"Chambre avec vue" ouvre des fenêtres sur plusieurs paysages, extérieurs, et intérieurs. Le premier qui est offert, celui de la fenêtre d'une pension de famille réservée à de riches britanniques, à Florence, avec vue sur l'Arno, à la fin du dix-neuvième siècle, est impressionnant de beauté et d'acuité.
Un voyage dans le temps, dont le joli minois de l'héroïne principale, miss Honeychurch, ne dépare pas, tant elle a la grâce de la jeunesse et beaucoup de talent pour incarner ce personnage perdu dans les conventions et les contradictions de son âme, et celles des lois sociales
. L'image est belle, tout au long du film, les plans filmés par James Ivory ne souffrent d'aucun défaut.
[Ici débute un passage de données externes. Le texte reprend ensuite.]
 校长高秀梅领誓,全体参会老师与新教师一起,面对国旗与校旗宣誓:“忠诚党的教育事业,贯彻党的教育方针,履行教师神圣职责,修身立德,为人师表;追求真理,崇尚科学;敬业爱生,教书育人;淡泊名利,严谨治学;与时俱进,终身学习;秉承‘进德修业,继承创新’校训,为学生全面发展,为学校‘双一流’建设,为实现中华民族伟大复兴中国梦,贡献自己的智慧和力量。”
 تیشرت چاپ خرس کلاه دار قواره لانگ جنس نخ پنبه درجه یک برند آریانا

Il ne concède rien à l'époque où le film a été tourné, fidèle aux sentiments, aux manières, et aux costumes de l'époque victorienne. Si bien que le film n'a absolument pris aucune ride. Au delà du romanesque, cette production offre un intérêt historique, sociologique, et ethnologique, de l'Italie, et autant de l'Angleterre à la suite, même si pour cette dernière, le traitement visuel sera plus restreint , au cadre d'une belle demeure, où se retrouveront les différents personnages.
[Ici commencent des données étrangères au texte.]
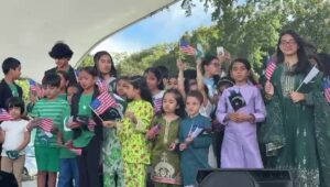 The Pakistani American community participated in the ceremony in large numbers with their families. The national anthems of the United States and Pakistan were played at the beginning, and the children waved the flags of both countries.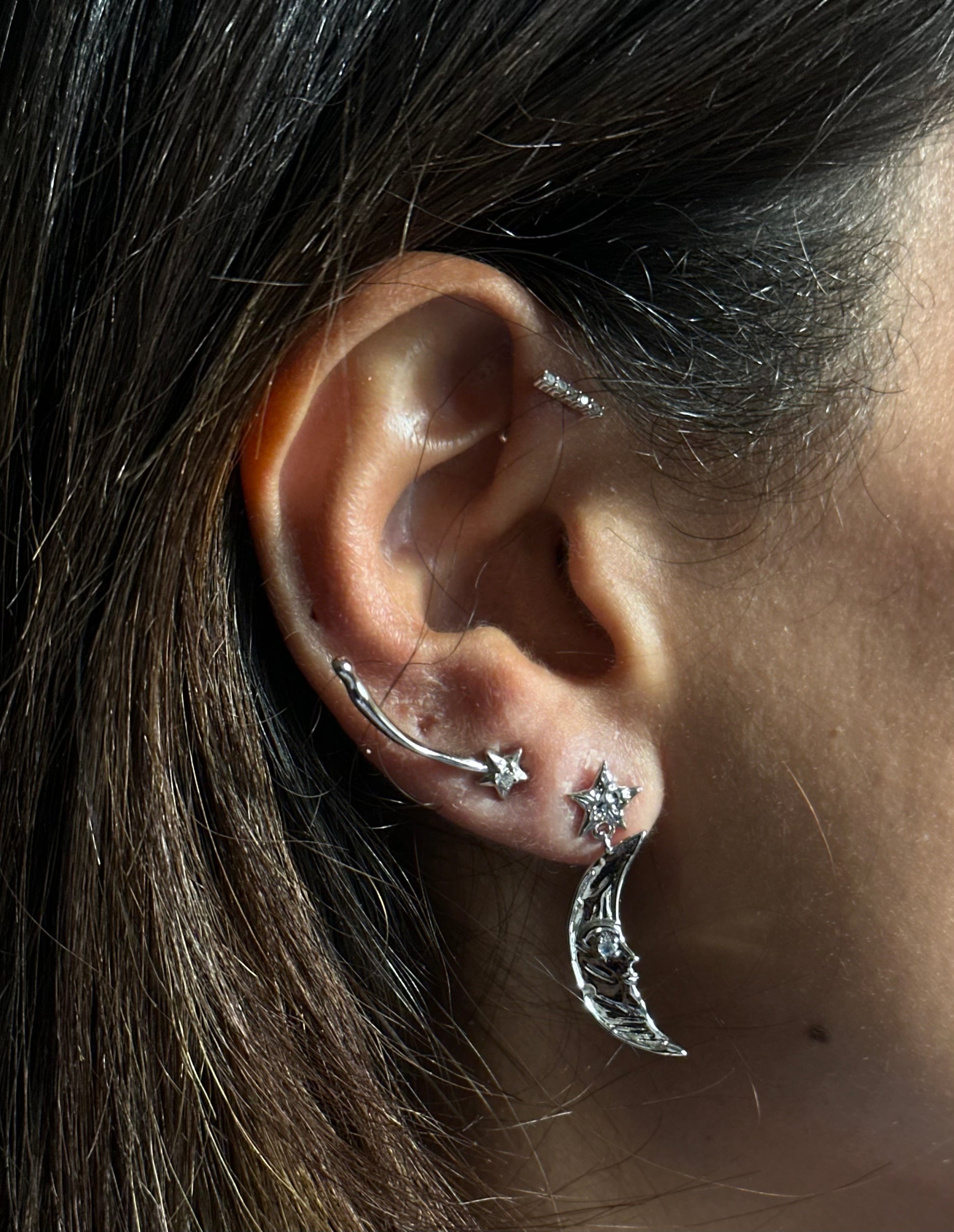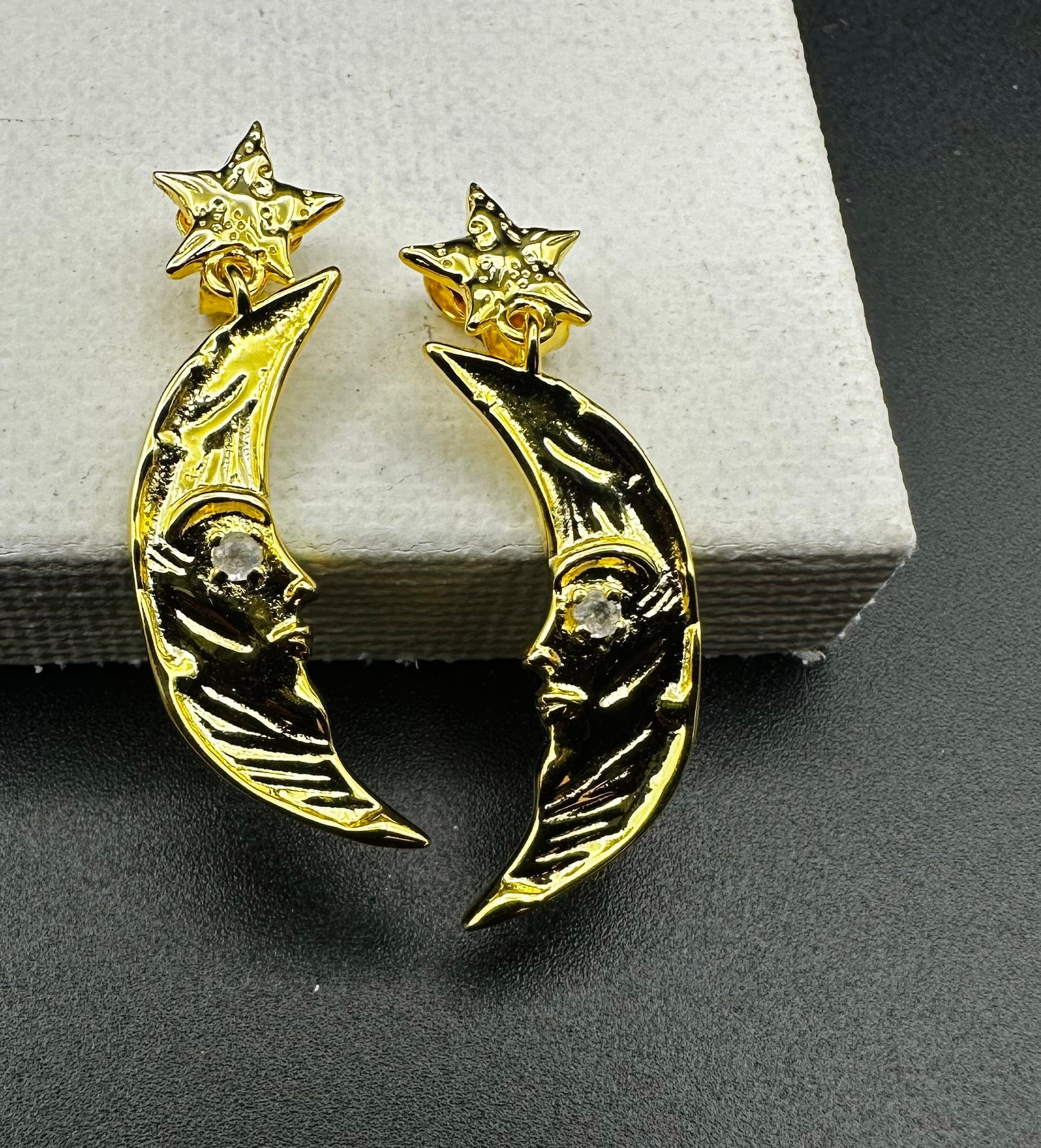 star and crescent earrings with facial details and a small diamond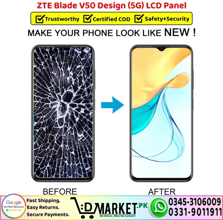 Option 2: Online Professional Repair with DMarket.pk Want expert repair from the comfort of your home? Our professional repair services at DMarket.pk make it easy! Simply visit our Repair Services page, fill out the form, and our agent will contact you with complete details and total charges. If you’re satisfied, courier your device to us. We’ll fix your ZTE Blade V50 Design 5G LCD Panel screen and deliver it back fully repaired. Pay via cash on delivery only when you receive your fixed device. We believe this unique service sets us apart in Pakistan!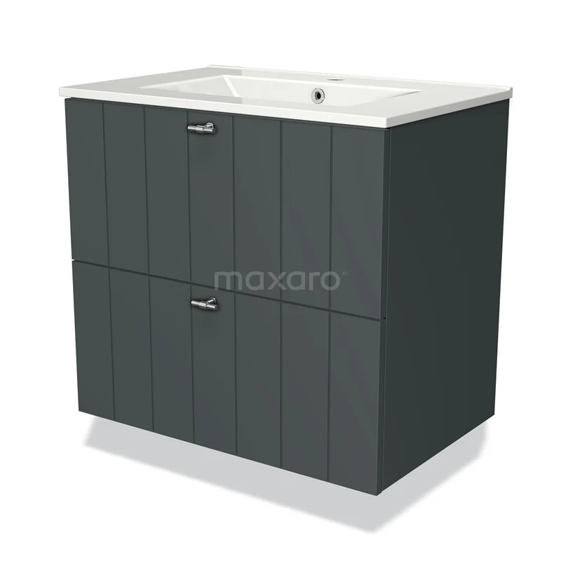 Modulo Vanity units with basin | 70 cm Dark grey Slat front Ceramic 2 Stacked drawers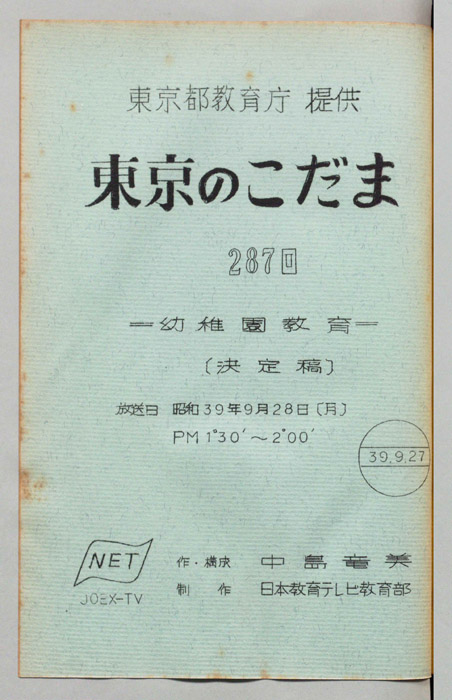 主な出演 : 増山仁太郎,遠藤吾郎,広畑美恵,他児童の皆さん,(司会)前田武彦,亀谷慶子アナウンサー,(フィルムナレーター)亀谷慶子アナウンサー

Les scènes de Florence sont un régal. Des fenêtres avec vue s'ouvrent partout, en toute indiscrétion, sur les mœurs britanniques, leur attitude réservée, faite de règles et de non dits, que l'on dit chez nous hypocrites, et où la moindre égratignure au protocole vous juge et fait exclusion.
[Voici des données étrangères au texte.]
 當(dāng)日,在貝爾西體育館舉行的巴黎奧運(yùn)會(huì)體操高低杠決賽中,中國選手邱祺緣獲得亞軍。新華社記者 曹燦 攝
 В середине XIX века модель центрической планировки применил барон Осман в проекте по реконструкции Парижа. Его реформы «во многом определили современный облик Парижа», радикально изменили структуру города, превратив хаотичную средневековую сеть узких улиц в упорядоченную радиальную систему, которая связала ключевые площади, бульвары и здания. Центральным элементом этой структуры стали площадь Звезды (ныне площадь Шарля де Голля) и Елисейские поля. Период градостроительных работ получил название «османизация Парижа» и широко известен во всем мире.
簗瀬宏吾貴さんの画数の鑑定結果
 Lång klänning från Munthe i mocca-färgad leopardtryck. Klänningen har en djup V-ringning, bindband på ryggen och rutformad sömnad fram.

Georges Emerson, ce jeune homme lunaire et passionné, flanqué d'un père tout aussi original, se moquant des règles, évoquant une sorte de sympathique monsieur Pickwick va créer cette rencontre de la passion dérangeant les convenances et la programmation de la jeune fille
Miss Honeychurch, corsetée par son éducation, possède pourtant un tempérament passionné, manifeste quand elle se met au piano, interprétant Beethoven avec fougue. L'essentiel du film tient à ce travail de refoulement têtu, chez cette jeune femme intelligente, mais luttant avec obstination contre ses sentiments profonds. Ce jeu d'acteur est un délice, et les artifices ne tiendront un temps, avant que le barrage contre le pacifique ne soit emporté. ..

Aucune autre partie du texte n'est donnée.